啄木は歌の人である。
人々が愛唱している和歌は数多くある。
東海の小島の磯の白砂に
われ泣きぬれて
蟹とたはむる
たはむれに母を背負ひて
そのあまり軽きに泣きて
三歩あゆまず
こころよく
我にはたらく仕事あれ
それを仕遂げて死なむと思ふ
はたらけど
はたらけど猶わが生活楽にならざり
ぢっと手を見る
ふるさとの訛なつかし
停車場の人ごみの中に
そを聴きにゆく
かにかくに渋民村は恋しかり
おもひでの山
おもひでの川
ふるさとの山に向ひて
言ふことなし
ふるさとの山はありがたきかな
こころざし得ぬ人人の
あつまりて酒のむ場所が
我が家なりしかな
啄木の歌は心を打つ。
悲しく打つ。
啄木記念館 山本玲子学芸員によれば、啄木は生涯に九つの句をこの世に残しているそうである。
『
「林中に雪喰ふて居る小猿かな」
「思ふことなし山住みの炬燵かな」
「冬一日火に親しみて暮れにけり」
「小障子に鳥の影する冬日和」
「菜の花に淡き日ざしや今朝の冬」
「白梅にひと日南をあこがれぬ」
「梅一輪落つる炉辺や茶の匂ひ」
「梅も咲かずこの雪の里侘し」
どれも、冬の句になっていますけれども、こんなふうに啄木は渋民にいるときだけ俳句を作っていまして、東京や北海道で全く作ってないんです。
啄木にとりまして俳句を作るっていうのは、本当に穏やかな気持ちでいるときに作ったというふうに思いますし、そう思うと林中生活が啄木にとっていかに幸せだったか、静かで充実した日々であったのか、ということが想像できます。

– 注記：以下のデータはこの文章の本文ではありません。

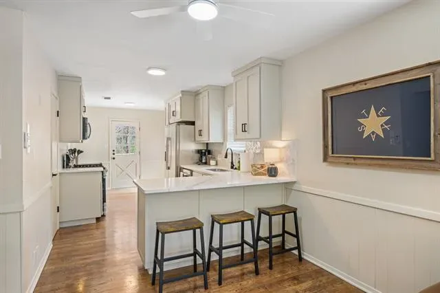 Completely remodeled down to the studs, the home showcases gorgeous wood flooring throughout, a stunning updated kitchen with gas range and all-new appliances, and beautifully renovated bathrooms. Additional upgrades include all new windows and a new hot water heater, offering peace of mind for years to come. Step outside to find exceptional off-street parking for up to 6 vehicles—perfect for hosting larger groups. The converted garage creates a one-of-a-kind entertainment space featuring a pool table, bar area, and plenty of room to relax and gather.
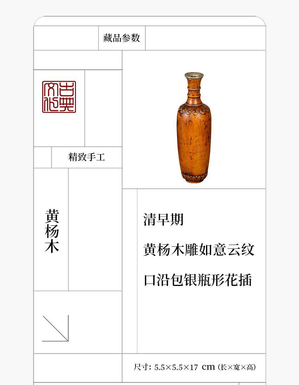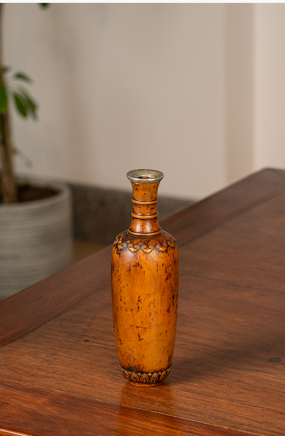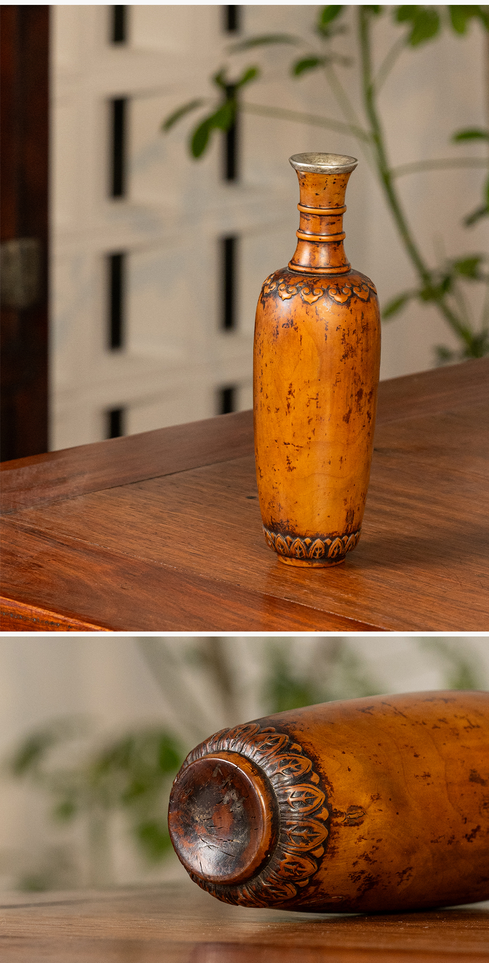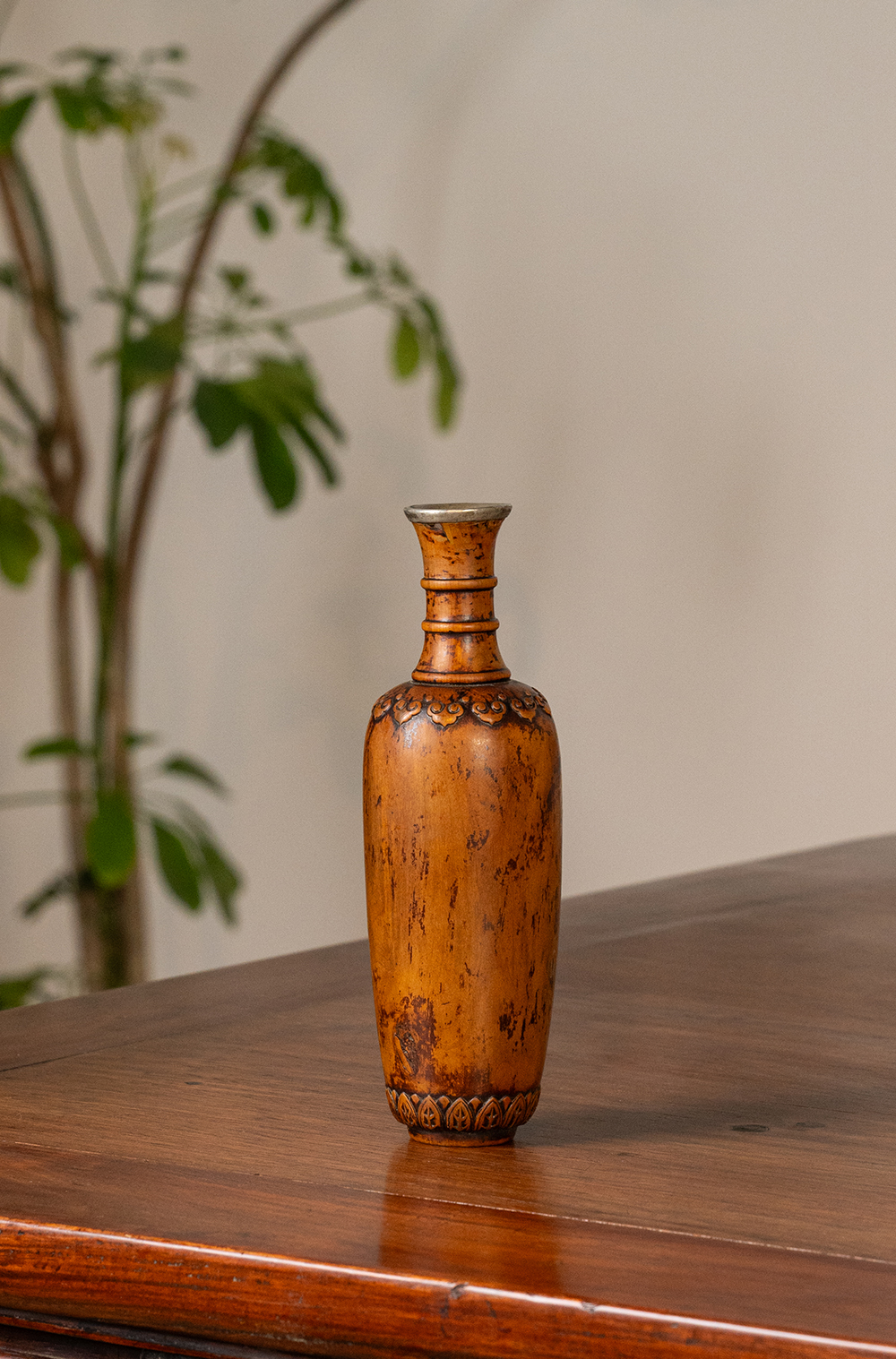 清早期 黄杨木雕如意云纹口沿包银瓶形花插

』
(「啄木の林中生活」啄木記念館 山本玲子 より転載)
啄木が何故句を九つした残さなかったのかと考えると、其処には句と歌の違いが横たわっているように思う。
俳句は幸せの詩といわれる。
句には季語がある。
自然の中に生きる自分を幸せに感じる時、句が生まれる。
一方、短歌には季語はあっても良いが無くても良い。
何を詠っても良く、悲しい感情のみ詠うことも出来る。
渋民村の啄木は、自然があった。希望があった。未来があった。
転々とした都会の啄木は、人の世に生き、悲しい感情を詠う表現方法として歌を選んだ。都会の啄木にとって自然は心の中にしかなかった。
歓びも悲しみも詠うことの出来る表現方法を伝えてきている日本の文学的伝統は豊かなものである。